(LISTED RECORDS begins)

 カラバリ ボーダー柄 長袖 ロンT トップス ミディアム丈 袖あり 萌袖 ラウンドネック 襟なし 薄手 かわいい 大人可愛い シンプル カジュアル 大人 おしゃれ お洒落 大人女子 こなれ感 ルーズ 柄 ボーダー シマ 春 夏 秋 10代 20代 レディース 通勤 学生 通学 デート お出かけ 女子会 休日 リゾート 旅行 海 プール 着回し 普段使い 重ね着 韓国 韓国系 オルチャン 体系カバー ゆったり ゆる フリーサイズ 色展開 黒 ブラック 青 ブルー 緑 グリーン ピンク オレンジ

(LISTED RECORDS ends)
(LISTED RECORDS begins)

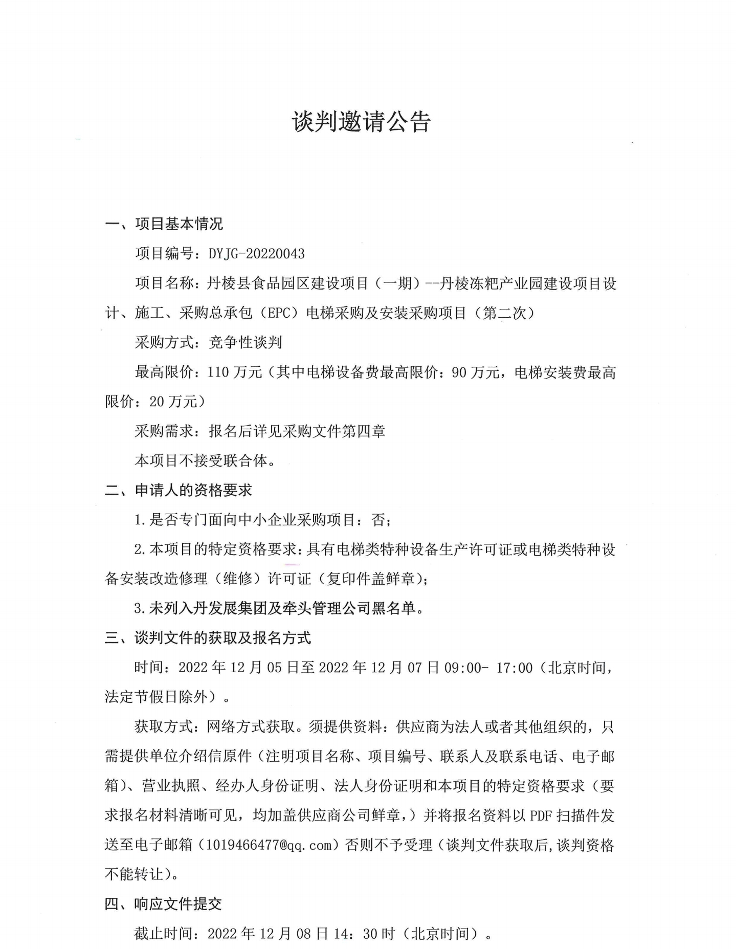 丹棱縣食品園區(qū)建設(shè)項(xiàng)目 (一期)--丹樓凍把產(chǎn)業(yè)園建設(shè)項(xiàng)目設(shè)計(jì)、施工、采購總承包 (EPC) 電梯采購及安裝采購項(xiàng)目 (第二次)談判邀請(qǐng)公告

(LISTED RECORDS ends)
(LISTED RECORDS begins)

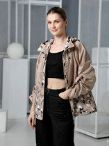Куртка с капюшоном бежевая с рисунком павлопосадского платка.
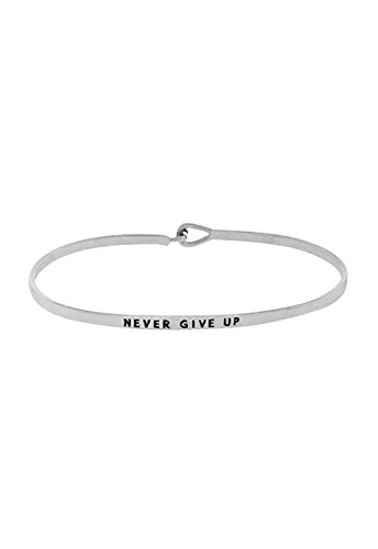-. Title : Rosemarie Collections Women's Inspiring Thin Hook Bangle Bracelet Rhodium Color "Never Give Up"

(LISTED RECORDS ends)

Respond with the exact lines above running from the one containing "Куртка с капюшоном" to the one containing "-. Title : Rosemarie", both ends kept and no pictures included.

Куртка с капюшоном бежевая с рисунком павлопосадского платка.
-. Title : Rosemarie Collections Women's Inspiring Thin Hook Bangle Bracelet Rhodium Color "Never Give Up"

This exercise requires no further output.